SUMMARY OF THE INVENTION

[0028] Generally described, the present invention provides a method and system of personality typing for market segmentation purposes. Whereby the segment personality type characteristics can be analyzed for providing the most effective, targeted decisions regarding that segment.

[0029] In a preferred embodiment of the invention, what is provided is a method for market segmentation, comprising: selecting market criteria data for segmenting a market; selecting characteristic data of the market; combining the market criteria data and the characteristic data to create a selected market; segmenting the selected market by using a personality typing system, thereby producing discrete market segments; analyzing said segments for specific personality traits; and, using the trait analysis for providing maximally effective decisions regarding members of the selected market.

[0030] In an alternate embodiment, what is provided is a method for market segmentation using a personality typing system, comprising: selecting market criteria data for segmenting a market; selecting characteristic data of the market; combining the market criteria data and the characteristic data to create a selected market; segmenting the selected market by using a personality typing system, thereby producing discrete market segments; analyzing the segments for specific personality traits; and, using the trait analysis for providing maximally effective decisions regarding members of the selected market.

[0031] In another alternate embodiment, what is provided is a method for classifying behavior types for marketing purposes using an enneagram typing system, comprising: selecting market criteria data for segmenting a market; selecting characteristic data of the market; combining the market criteria data and the characteristic data to create a selected market; segmenting the selected market by using an enneagram personality typing system, thereby producing discrete market segments; analyzing the segments for specific personality traits; and, using the trait analysis for providing maximally effective decisions regarding members of the selected market.

[0032] In yet another alternate embodiment, what is provided is a system of personality typing for market segmentation, comprising: a print test, wherein the print test defines the top scoring enneagram types for the market segment; a print test tie breaker heuristic, wherein the heuristic clarifies which prints are major and minor prints, not in order; optional print test questions, wherein the questions clarify which prints are major and minor prints, in order; optional test questions to determine Jungian traits; and, other optional tests, including, intelligence tests and skills based tests.

[0033] Accordingly, it is an object of the present invention to provide a method and system of personality typing for market segmentation purposes.

[0034] These and other objects, features, and advantages of the present invention will become apparent upon reading the following specification when taken in conjunction with the accompanying drawings.

BRIEF DESCRIPTION OF THE DRAWINGS

[0035] FIG. 1 is a view of a preferred embodiment of the market segmentation method according to the invention.

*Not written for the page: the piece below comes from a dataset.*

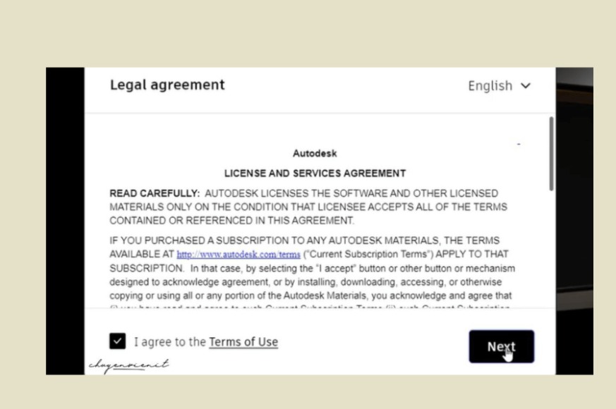 Bước 3: Tích chọn đồng ý điều khoản và nhấn Next.

[0036] FIG. 2 is a view of a preferred embodiment of the enneagram segmentation means according to the invention.

[0037] FIG. 3 is a view of a preferred embodiment of the market segmentation method being used for screening and hiring job candidates, according to the invention.

[0038] FIG. 4 is a view of a preferred embodiment of the market segmentation method being used for marketing campaigns, according to the invention.

DETAILED DESCRIPTION OF THE PREFERRED EMBODIMENT

[0039] Referring initially to FIG. 1 of the drawings, in which like numerals indicate like elements throughout the several views, in a preferred embodiment the market segmentation system 1 utilizes two basic inputs to determine the selected market 6. The first input, characteristic data of the market 2, defines the targeted market, for example, the market of registered Republican voters, or as another example, people who are looking for a job. The second input is the market criteria data 4 of the client. These criteria 4 define the market on which the company is seeking to concentrate, for example, those people for whom abortion education issues are important, or as another example, those people who are looking to be legal secretaries. The two inputs, 2 and 4, overlay to define the selected market 6. A market can loosely be defined as a collection of people who are segmented or grouped according to a particular purpose or characteristic(s) which could include anything from purchasing behavior, economics, people who attend seminars, political affiliations, people who volunteer for charities, people looking for a job, etc. The enneagram segmentation system is used to understand and make decisions about the market.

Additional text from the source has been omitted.